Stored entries
<<<<

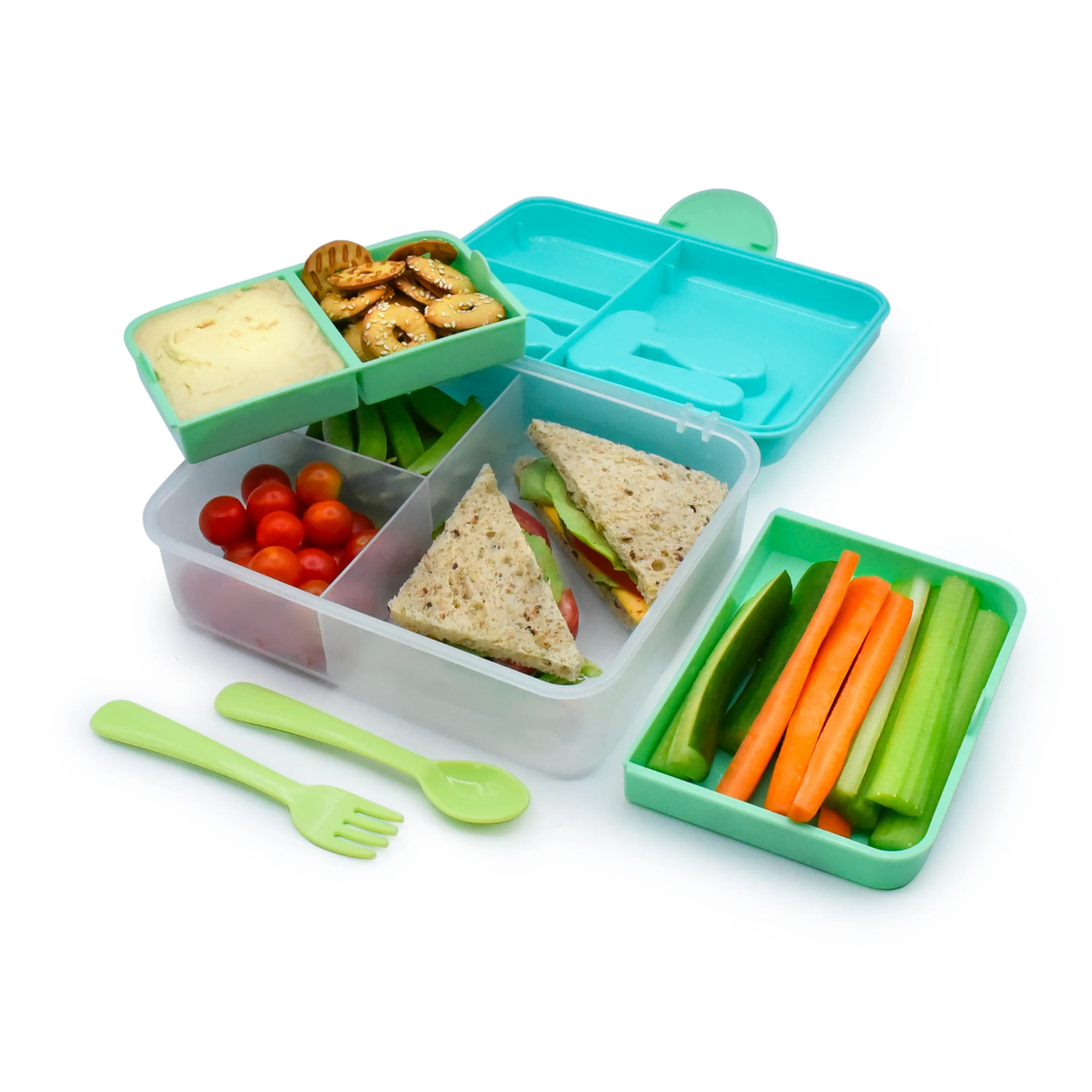 Include lingura si furculita integrate, cu spatiu dedicat in capac
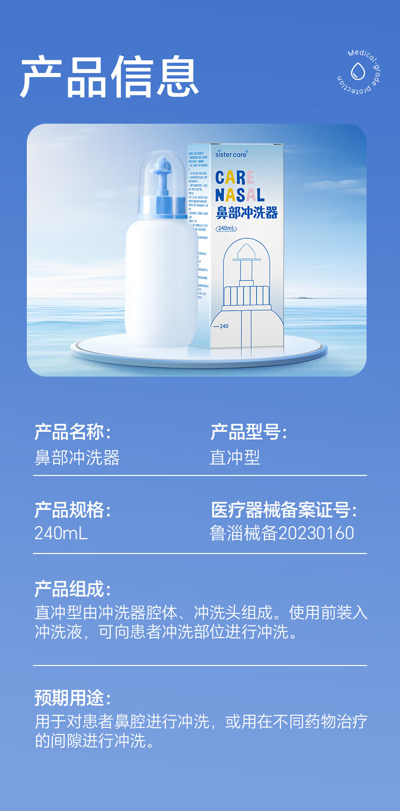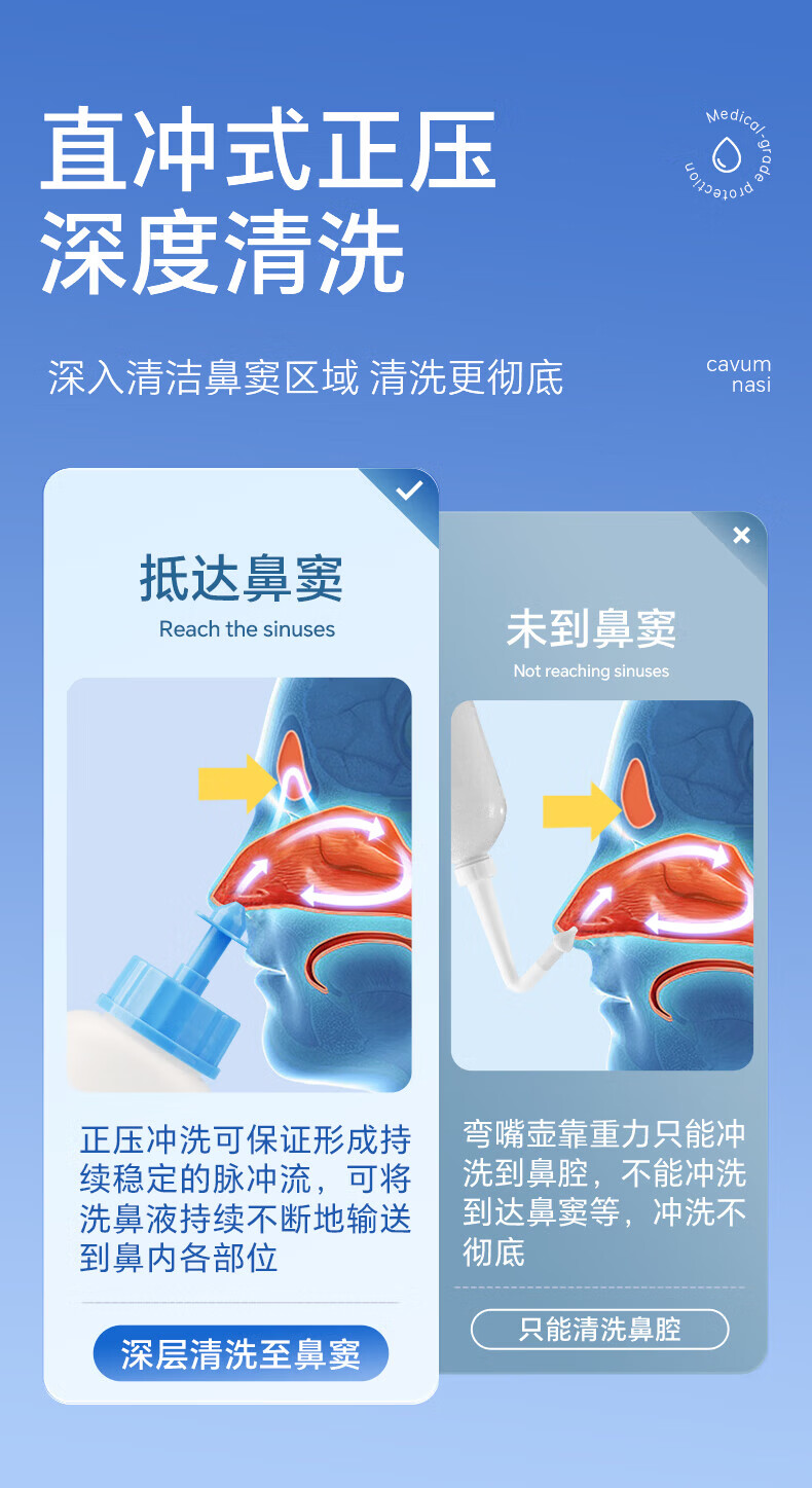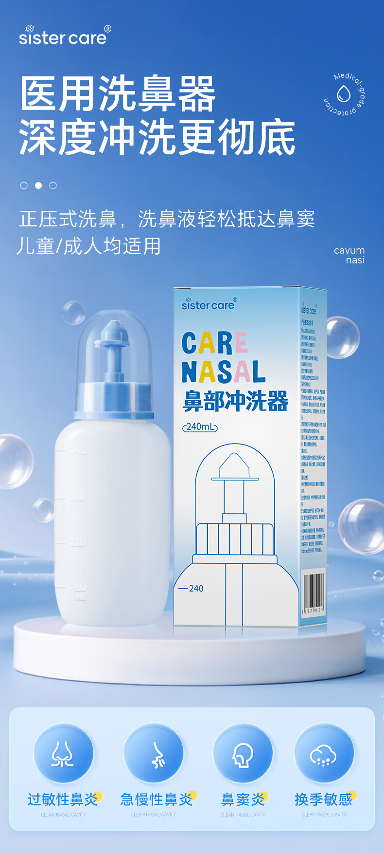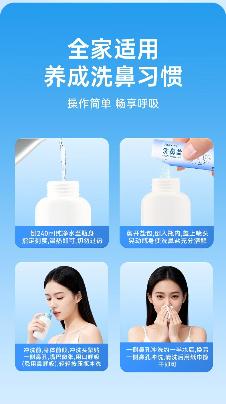 sister care洗鼻器儿童手动洗鼻壶成人生理海盐水鼻腔清洗器鼻炎冲洗器240mL
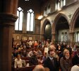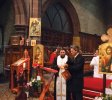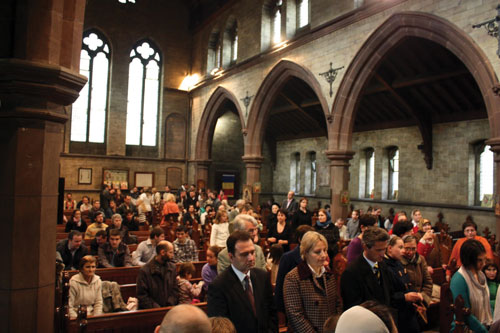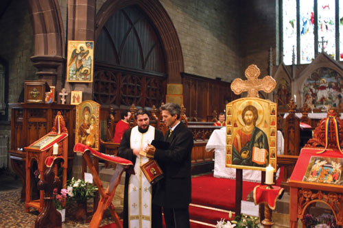 Prima Liturghie Ortodoxă a fost săvârşită duminică, 30 octombrie 2011, cu participarea a numeroşi credincioşi, alături de români aflându‑se şi credincioşi englezi şi francezi convertiţi la Ortodoxie, precum şi greci din zonă. Slujba a fost oficiată de un mic sobor de preoţi şi diaconi de la parohiile româneşti învecinate: Birmingham (Pr. Mihai‑Răzvan Novacovschi şi Arhid. Paul Longhin) şi Newcastle‑upon‑Tyne (Pr. Serafim Aldea), care s‑au alăturat clericilor parohiei „Sfântul Macarie cel Mare” (Pr. Constantin Popescu şi Diac. Ciprian‑Mihail Bădin). La slujbă a participat şi Excelenţa Sa domnul Ambasador Ion Jinga, însoţit de o delegaţie a personalului diplomatic român acreditat la Londra.
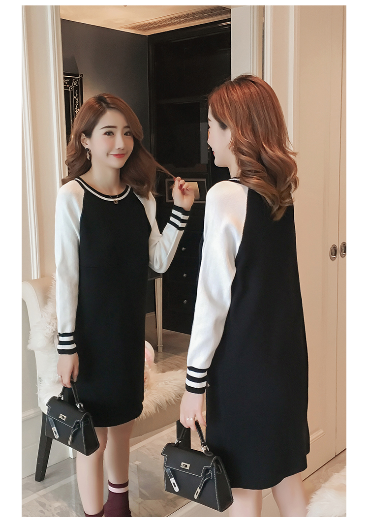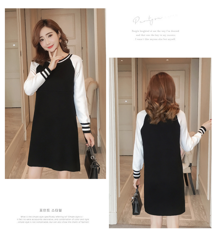 实拍6647#秋冬哺乳毛衣时尚拼接显瘦针织连衣裙产后小香风喂奶衣
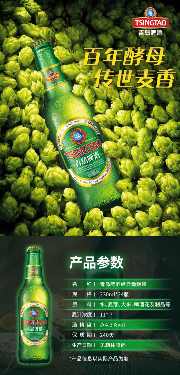 这款经典量贩装是青啤最经典、最畅销的一款。选用优质大米、麦芽、上等啤酒花和软硬适度、洁净甘美的崂山矿泉水为原料酿制而成。原麦汁浓度为11度,酒精含量4.3%。酒液清澈透明、呈淡黄色,泡沫细腻洁白、麦香浓郁,酒体沉厚柔和,香醇爽口。
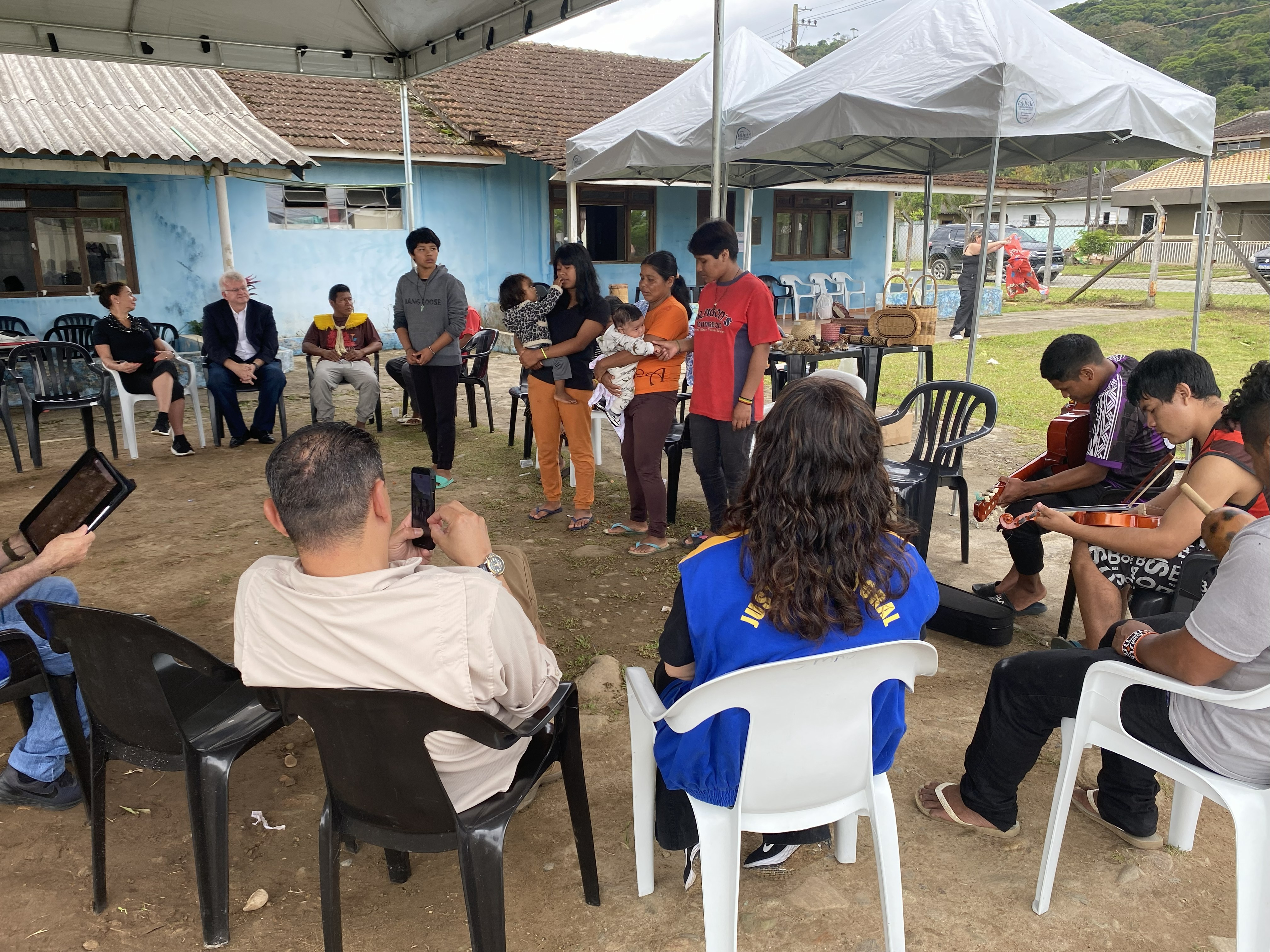 Um grupo diversificado de pessoas está reunido sob uma tenda branca em um ambiente externo, com casas de estrutura simples ao fundo; enquanto um homem sentado toca violão e outro violino à direita, na área central, pessoas em pé e sentadas interagem, incluindo mulheres com crianças e adultos sentados observando.
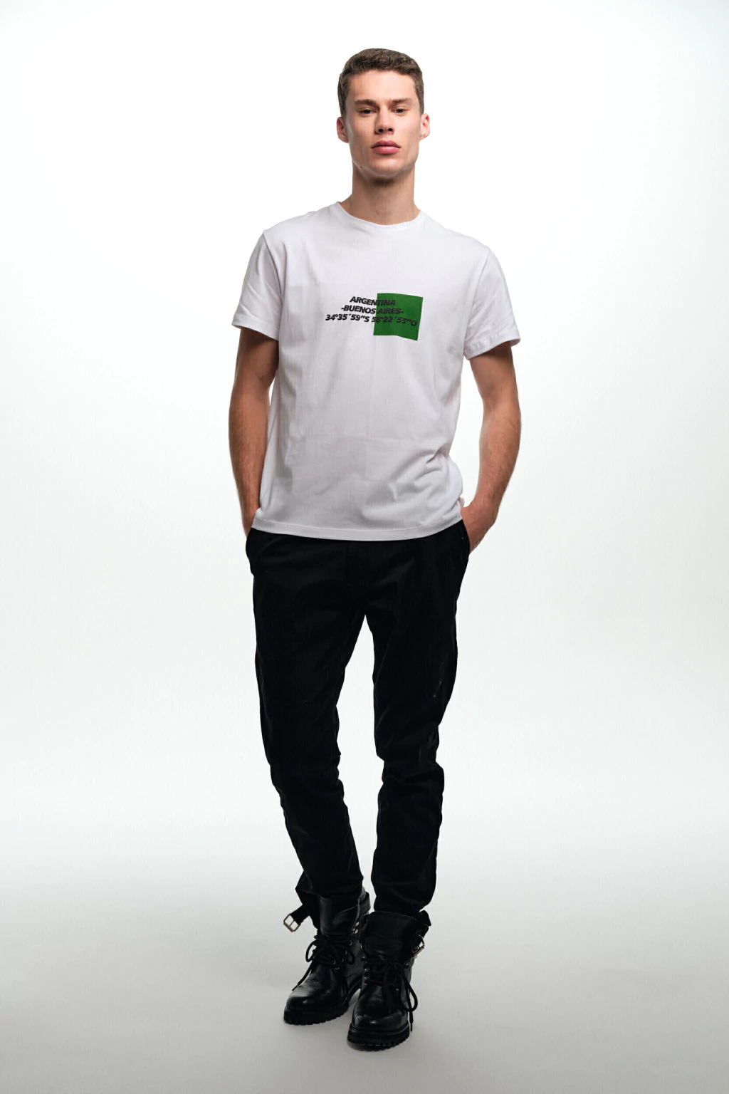 Remera manga corta de algodón con estampa en el delanteroComposición: 100% algodónSMLXLContorno de pecho110 cm112 cm114 cm116 cmAncho de hombro13 cm14 cm15 cm16 cmLargo total68 cm69 cm70 cm71 cm

>>>>

Print, please, exactly the lines from the one holding "实拍6647#秋冬哺乳毛衣时尚拼接显瘦针织连衣裙产后小香风喂奶衣" through the final line of the data, both included, while leaving out each picture.

* Reply to the task:
 实拍6647#秋冬哺乳毛衣时尚拼接显瘦针织连衣裙产后小香风喂奶衣
 这款经典量贩装是青啤最经典、最畅销的一款。选用优质大米、麦芽、上等啤酒花和软硬适度、洁净甘美的崂山矿泉水为原料酿制而成。原麦汁浓度为11度,酒精含量4.3%。酒液清澈透明、呈淡黄色,泡沫细腻洁白、麦香浓郁,酒体沉厚柔和,香醇爽口。
 Um grupo diversificado de pessoas está reunido sob uma tenda branca em um ambiente externo, com casas de estrutura simples ao fundo; enquanto um homem sentado toca violão e outro violino à direita, na área central, pessoas em pé e sentadas interagem, incluindo mulheres com crianças e adultos sentados observando.
 Remera manga corta de algodón con estampa en el delanteroComposición: 100% algodónSMLXLContorno de pecho110 cm112 cm114 cm116 cmAncho de hombro13 cm14 cm15 cm16 cmLargo total68 cm69 cm70 cm71 cm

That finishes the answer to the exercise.